DJI Mavic Air: Is This DJI’s Best Drone Yet?

DJI Mavic Air Image


DJI’s Mavic Pro became popular for its portability. It was the first drone of its kind to have arms that folded against its body, making it super-tight. Since it was unveiled by the DJI, many others have fielded knockoffs with the same design, but it seems like only DJI can knock the Mavic Pro off its perch as our preferred camera drone. And it has, with the launch of the DJI Mavic Air.

Smaller and less expensive than the Pro, the Air also brings along the folding arms, the same 4K camera and gimbal as the Pro. A new object-avoidance mode has also been included to this new model that makes it even easier to operate in narrow spaces. So, it’s easy for us to say that it is the best camera drone yet.


The DJI Mavic Air resembles in shape with the Mavic Pro but smaller in size. Its sleek look with swooping curves makes it look like it’s flying, even when it’s on the ground. The Air’s four arms rotate outward from the main body for flight mode, like the Pro.

DJI Mavic Air Image 2

When folded, the Mavic Air is about 6.5-inches long and 3.5-inches wide. With the arms extended, the drone expands to about 7-inches wide, excluding its rotors.

At the front of the drone, its 4K camera and three-axis gimbal are installed, which is the same as on the Mavic Pro. Though, here, the camera is guarded on two sides by the drone’s body.
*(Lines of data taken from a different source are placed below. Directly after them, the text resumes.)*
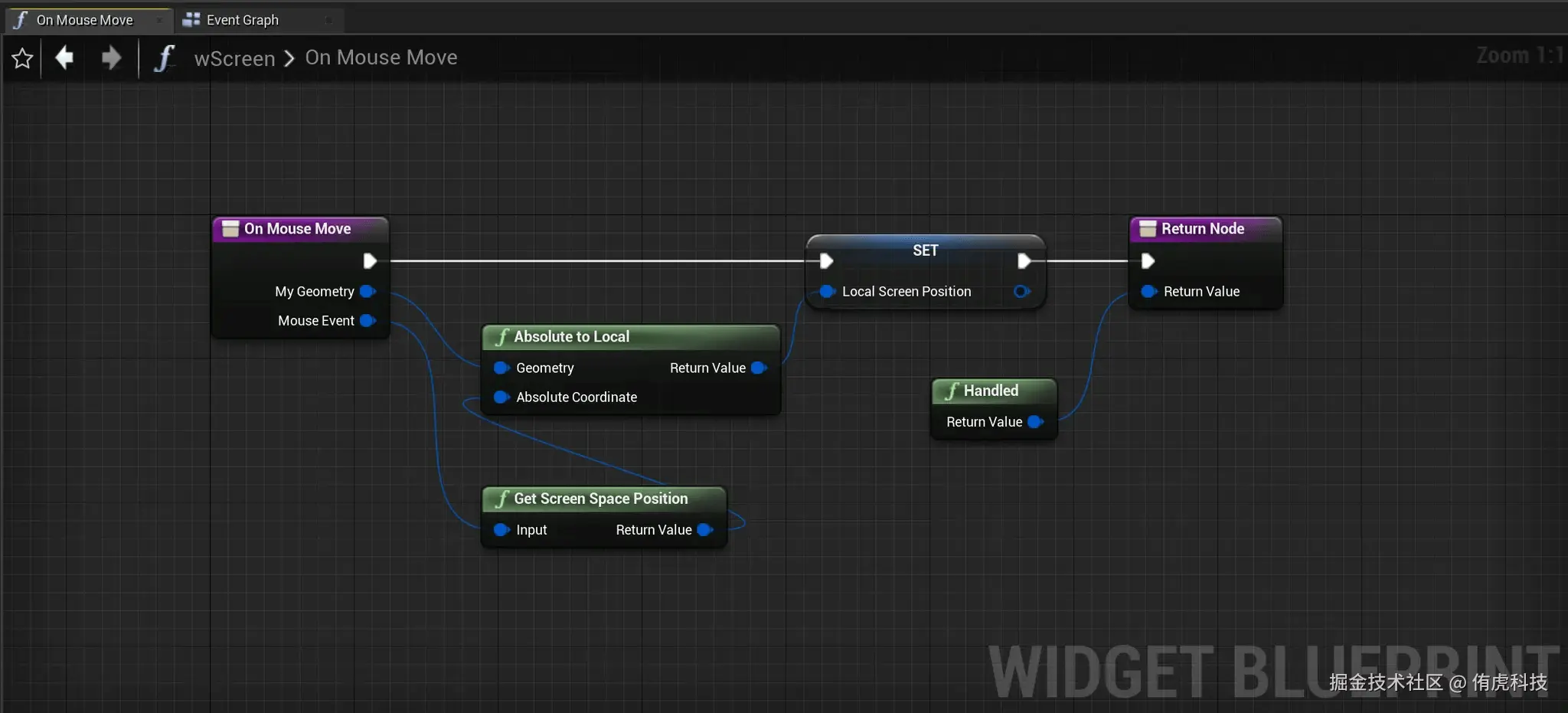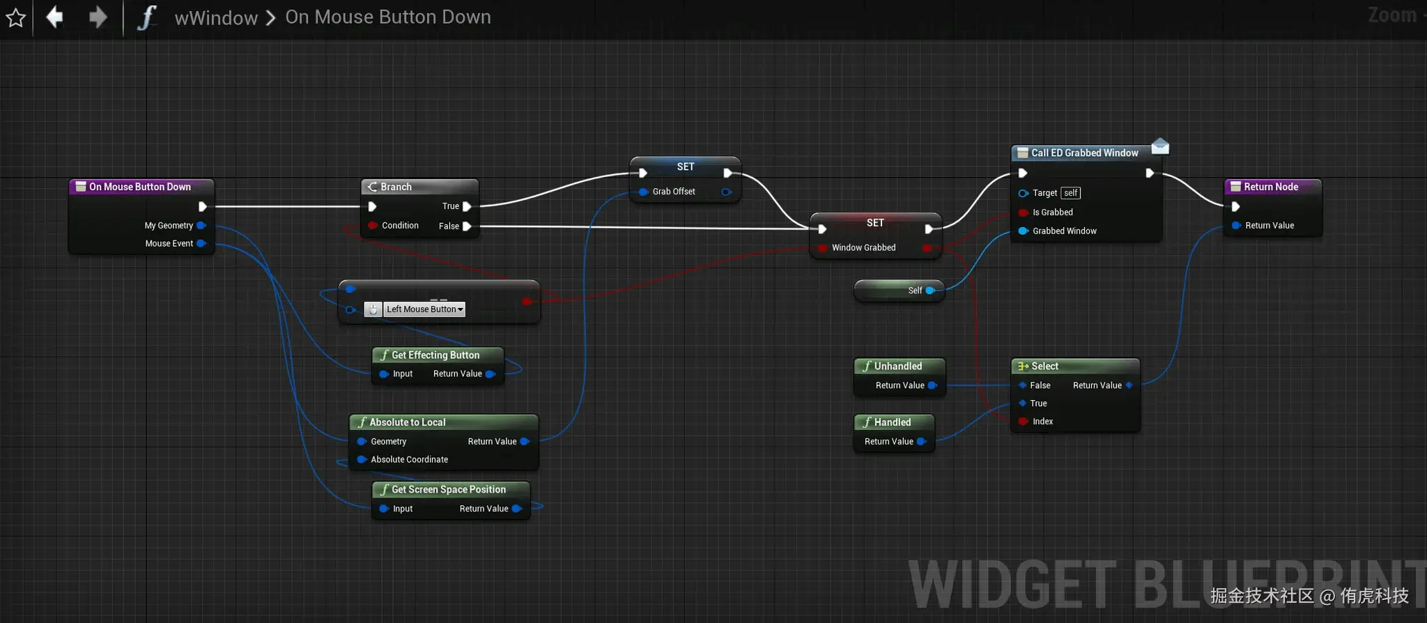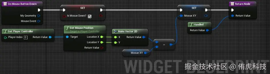 Q:我尝试在按下鼠标按钮时移动UI部件。它确实会移动,但它无法跟随鼠标光标,当我松开鼠标按钮时,它仍然会继续移动。以下是我目前的实现方式:
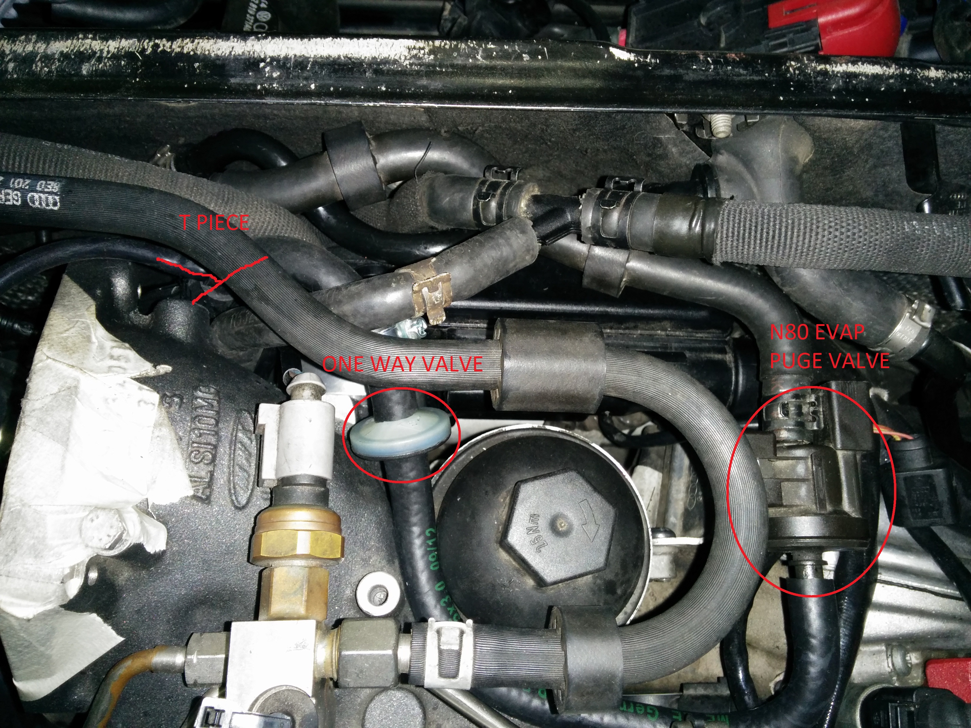 the fuel evap circuit consists of a vacuum line from the inlet manifold behind the throttle body to the N80 purge valve from there a pipe runs round the back of the engine and through the inner wing to a charcoal filter which is then connected to your petrol tank, the idea being excess fuel vapor is sucked from the tank when the ecu tells the N80 valve to open via the vacuum provided from the intake manifold.
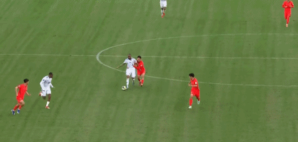 第26分钟,王钰栋底线强行突破,后卫将球护给门将,主裁判判罚回传门将,国足获得禁区内任意球,韦世豪右脚劲射被后卫阻挡。
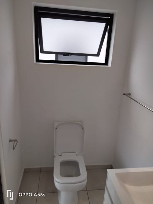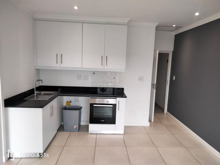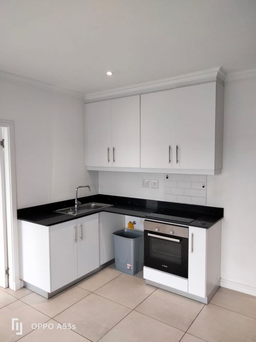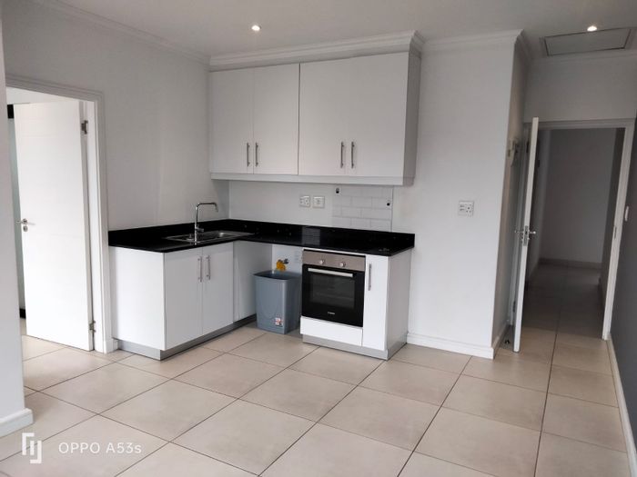 Peaceful, secure area with regular foot patrols; open-plan kitchen flows to lounge, built-in bedroom cupboards, and secure parking for two — three bedrooms, one bathroom.
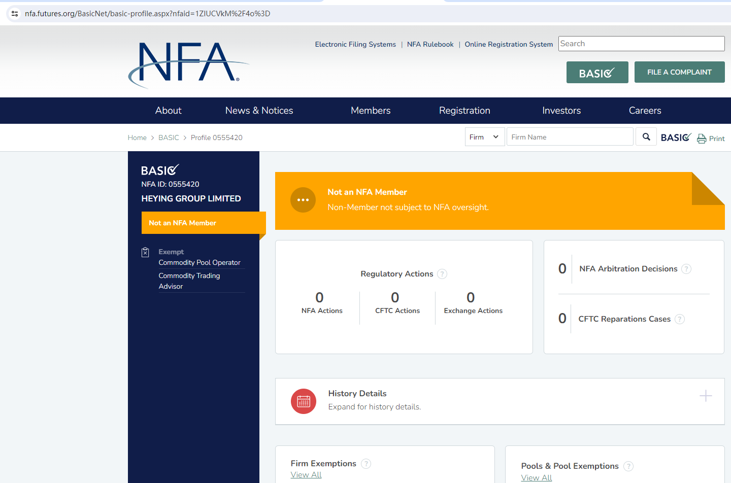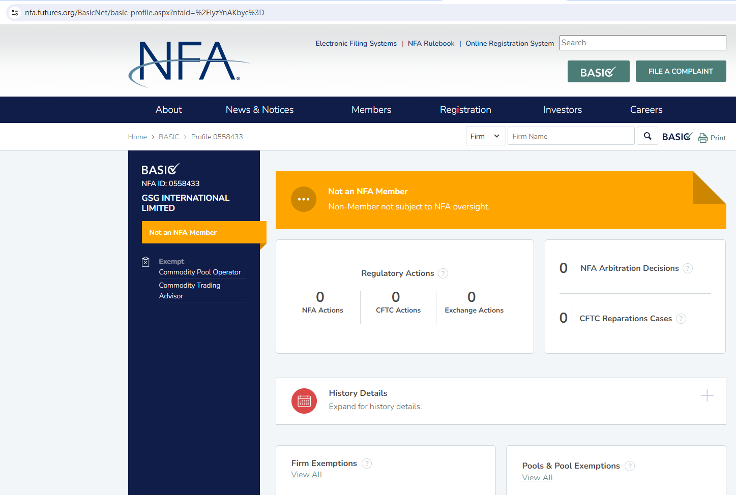 GSG Forex claims to be regulated by the National Futures Association (NFA) (NFA ID: 0555420/0558433), we searched by NFA ID 0555420 but found a mismatch for one company HEYING GROUP LIMITED, when we searched by NFA ID 0558433 there was a matching result. But GSG INTERNATIONAL LIMITED is not an NFA member and thus not subject to the regulator's oversight. Its NFA ID is only for tracking purposes only.
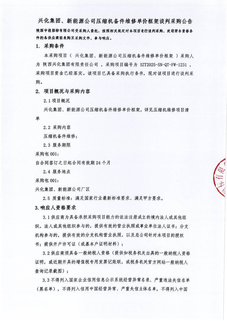 兴化集团、新能源公司压缩机备件维修单价框架采购谈判公告
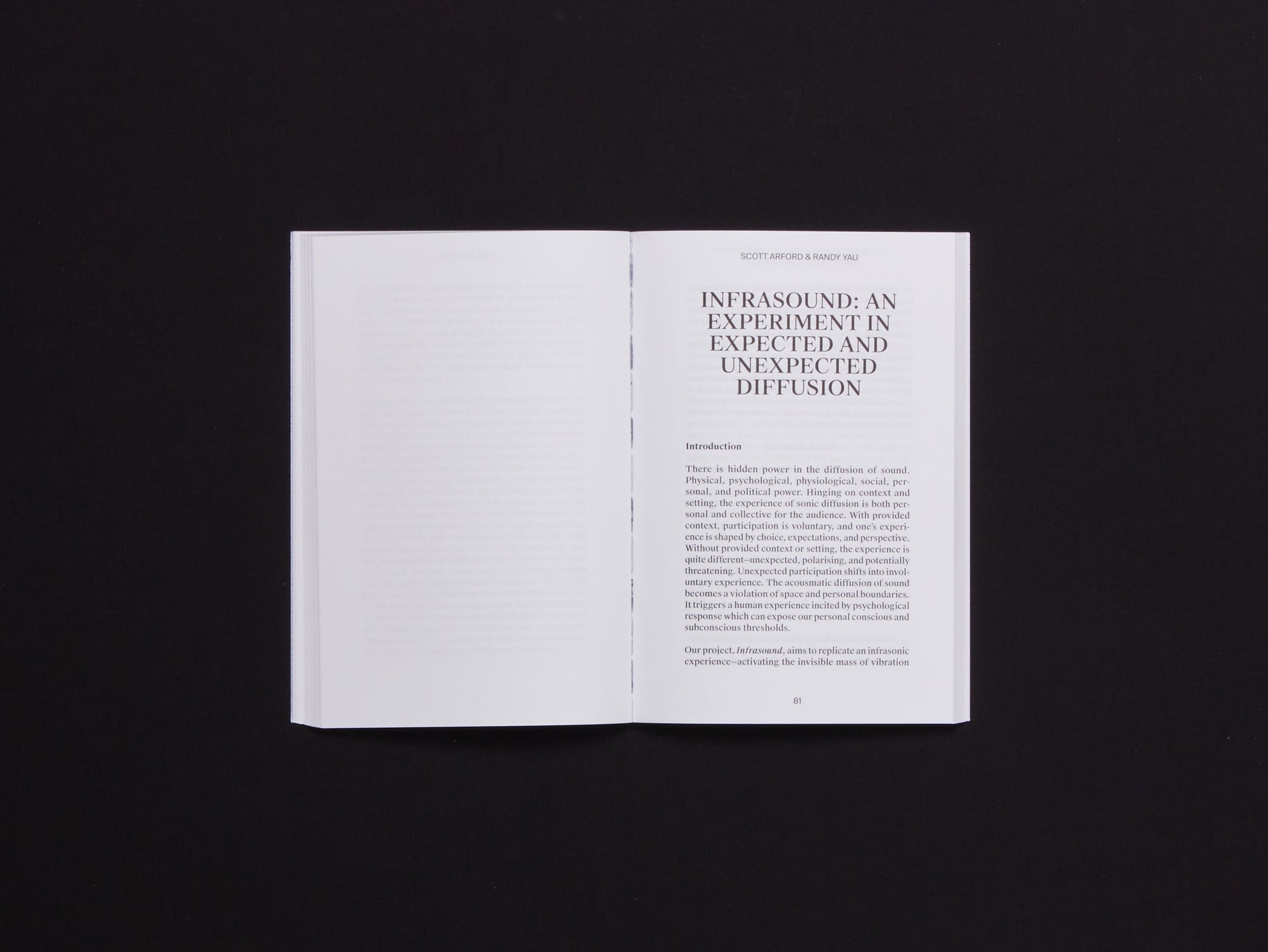 This calls for an exploration of the vast domain of sound creation in which, here and there, ideas, concepts, and sometimes new works appear that fully embrace the question of the deployment of sound, its dissemination and its expansion. An exploration focussed on the listening experience—a fundamentally musical experience—but adopting a critical approach which may sometimes call into question traditional ways of sharing and listening to sound, the status of listener and creator, and which may even challenge the acoustic integrity of venues and the legitimacy of diffusion systems.
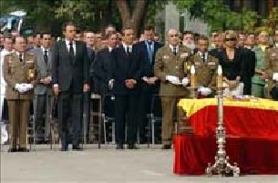 El jefe del Gobierno, José Luis Rodríguez Zapatero, junto con autoridades civiles y la cúpula militar en pleno, rindió este martes un homenaje de despedida al soldado Jorge Arnaldo Hernández, muerto el sábado en un ataque a las tropas españolas en Afganistán, en un funeral marcado por la sobriedad. La ceremonia se celebró en la sede de la Brigada Paracaidista de Alcalá de Henares (Madrid) y durante la misma el presidente del Gobierno consoló a la viuda del fallecido, impuso, a título póstumo, la Cruz al Mérito Militar con distintivo amarillo al militar muerto y entregó a su viuda la bandera, la boina paracaidista y la condecoración. Una hora duró el funeral, oficiado por el arzobispo general castrense, Francisco Pérez González, quien destacó el espíritu paracaidista, en particular, y de los militares, en general, de entrega y total disposición, incluso con "su vida, por una paz que todos deseamos". Del fallecido subrayó su carácter callado, capaz y trabajador, y agradeció a los inmigrantes como él (peruano) que llegan a España y entregan su vida por nuestro país. La ceremonia comenzó con la llegada del presidente del Gobierno, hacia las 10 horas, quien charló durante unos minutos con la viuda, Zaida Vilma Jiménez, quien siguió el funeral entre sollozos junto con dos cuñados de la víctima, uno de ellos también legionario paracaidista de la Bripac. Entre los asistentes a las honras fúnebres se encontraban el ministro de Defensa, José Antonio Alonso, y la cúpula militar en pleno, encabezada por el Jefe del Estado Mayor de la Defensa, general Félix Sanz Roldán, el presidente del PP, Mariano Rajoy, y la presidenta de la Comunidad de Madrid, Esperanza Aguirre. Ante la puerta del Cuartel General del Teniente Coronel Fernando Primo de Rivera, se situó el féretro con los restos mortales del soldado, cubierto con una bandera española y con cuatro candelabros. Hasta allí y al son de la marcha fúnebre, ocho compañeros legionarios paracaidistas llevaron el féretro a hombros y lo depositaron en su túmulo. Una compañía de honores de legionarios paracaidistas con bandera, banda y música se encargó de hacer los honores durante el acto, que también contó con un homenaje a los que dieron su vida por España, que se desarrolló bajo la canción "La muerte no es el final". A continuación, la compañía de honores recitó al unísono la oración paracaidista, interpretó el himno de despedida y soltó la correspondiente carga de fusilería. Tras cantarse el himno de infantería, Zapatero entregó la bandera, la boina paracaidista y la condecoración a la viuda del soldado fallecido. Éste constituyó uno de los momentos más emotivos de la ceremonia, a la que asistieron también diputados del PP y del PSOE, además de los jefes de Estado Mayor del Ejército, general Carlos Villar, de la Armada, almirante Sebastián Zaragoza, y del Aire, Francisco José García de la Vega. Por expreso deseo de su familia el cadáver de Jorge Arnaldo Hernández, que llegó el lunes a la base aérea de Torrejón de Ardoz (Madrid), será enterrado en su país, Perú. Está previsto que sus restos salgan este martes a bordo de un avión Boeing de las Fuerzas Aéreas, dispuesto por el Ministerio de Defensa. Los restos mortales de Jorge Arnaldo Hernández Seminario, peruano de 26 años, casado, llegaron anoche a la base aérea de Torrejón de Ardoz (Madrid), junto con los cuatro heridos en un atentado premeditado contra un convoy del contingente español en Afganistán que tuvo lugar el sábado en la zona de Bakua, en la provincia de Farah, al oeste del país.
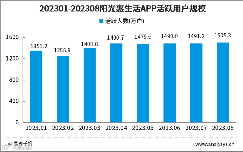 图3:202301-202308阳光惠生活APP活跃用户规模
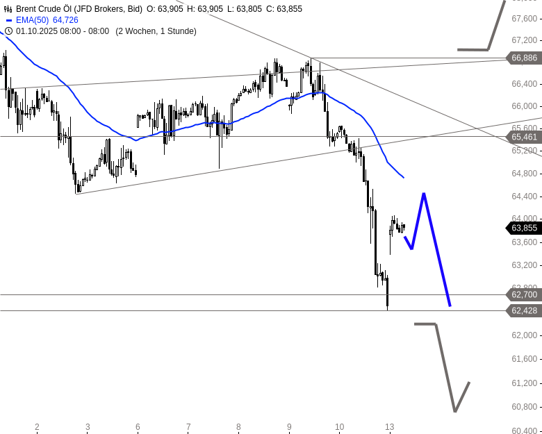 Die bärische Flaggenformation der Vortage hat sich am Freitag klar durchgesetzt. Es kam zu einem dynamischen Ausbruch nach unten, der den Ölpreis direkt bis zur Unterstützungszone bei 62,70 USD führte. Von dort konnten sich die Notierungen zuletzt leicht nach oben lösen.
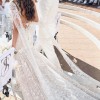 The gown was elevated using luxurious materials such as intricate glass bead patches, genuine ostrich feather appliqués, and refined transparent details. The shoulder pads are embellished with elaborate glass bead patches, the neckline is finished with a glass bead band and sheer elements, and the back features detailed glass bead applications and ornate embellishments. Additional beaded appliqués accentuate the waist and back.
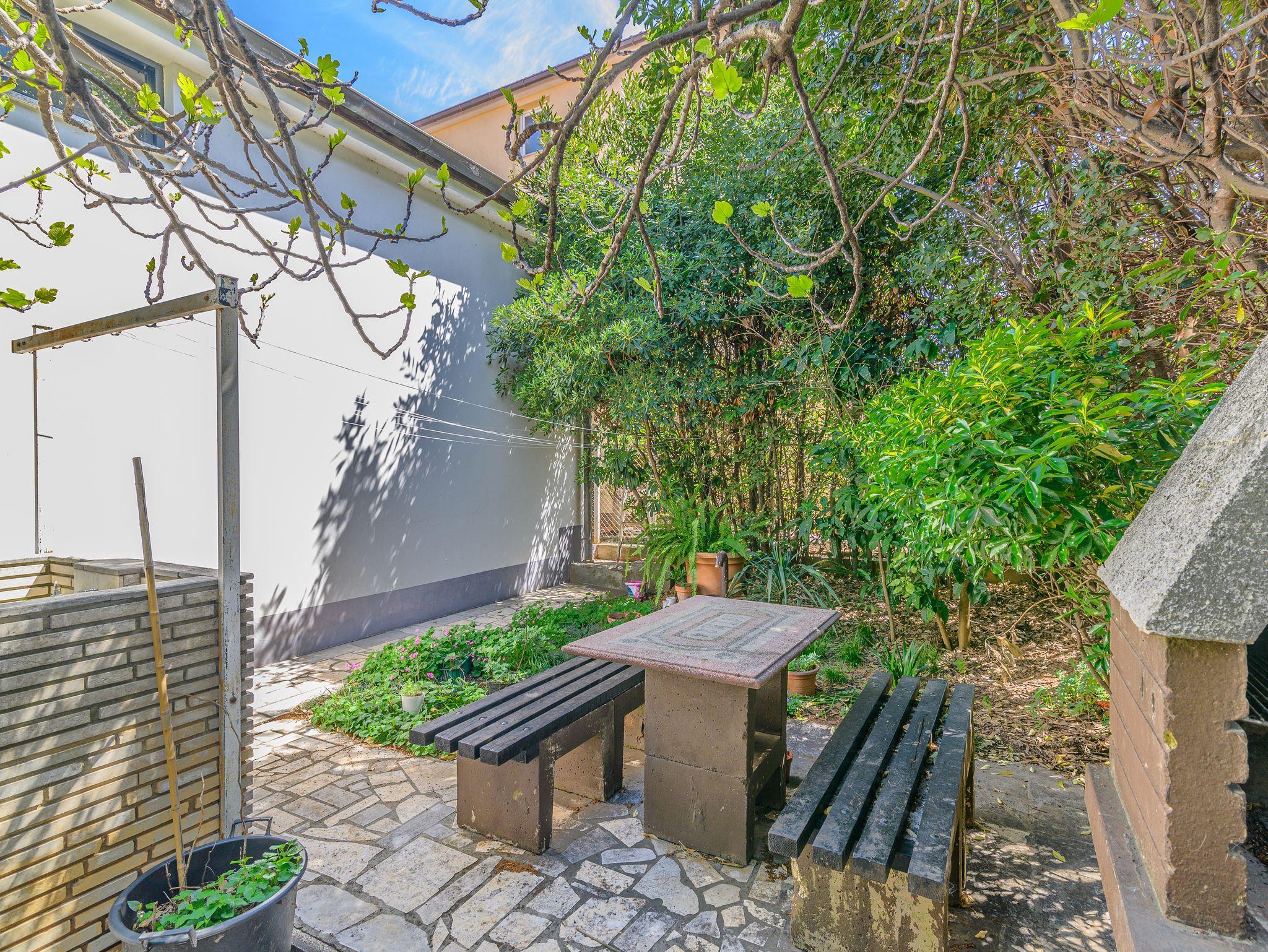 Ferienwohnung bietet Platz für 5 Gäste. Die Betten sind in Schlafzimmern, die es 2 gibt, und in Wohnzimmer, innerhalb einer Gesamtfläche von 47m2, angeordnet. Die Gäste haben eine eigene Terrasse zur Verfügung, auf der sie in warmen Sommernächten genießen können. Es ist erlaubt, Speisen auf dem Gemeinschafts-Grill vorzubereiten. In der Unterkunftseinheit besteht die Möglichkeit des Mitbringens von Haustieren gegen Aufpreis. IM PREIS INBEGRIFFEN: Kurtaxe, Endreinigung, Klimatisierung, Parkplatz, Internet, Föhn. VERBINDLICHE ZUSÄTZLICHE KOSTEN: Aufzahlung für Kurzaufenthalte (prozentualer Zuschlag pro Nächtigungsanzahl: 30% - 1, 20% - 2, 10% - 3). UNVERBINDLICHE ZUSÄTZLICHE KOSTEN: Haustiere (5,00 € pro Nacht). Die Verfügbarkeit zusätzlicher Dienstleistungen in Ihrem reservierten Termin und die Preise derselben (falls nicht aufgeführt) müssen im Voraus überprüft werden. Zusätzliche Dienstleistungen die in der Zahlungsaufforderung nicht aufgeführt sind werden direkt beim Vermieter bezahlt, angenommen der Gast nutzt auch diese.

On the Pro, the camera was more uncovered or exposed, so a clear plastic shroud was required to protect it during transport.

The Air is equipped with sensors that help it navigate through the environment around. Two forward-looking sensors are placed above the main camera, while the underside and rear accumulate two more sensors each.

The bulk of the bottom of the Air is taken up by its removable battery, where you can see, how much charge it has, by checking four of its lights.


The DJI Mavic Air’s controller is similar to that of the DJI Spark drone. It has two arms that extend from the main body and hold your smartphone in place. It’s great that the Air’s controller now uses a physical cable to communicate with your phone while in case of the Spark, first, you needed to pair your phone wirelessly with the controller and then with the drone. It was a minor extra step but really annoying.

DJI Mavic Air Image 3

Otherwise, the Air’s controller is mostly the same: two joysticks are used to control altitude and motion. You can rotate the camera, and take photos and videos with the shoulder buttons. Other buttons on the face land the drone, engage Sport mode and turn the controller on and off. Everything is placed well. Anyone who has been using a PS4 or Xbox controller will have no problems sorting out how to handle the Air’s version.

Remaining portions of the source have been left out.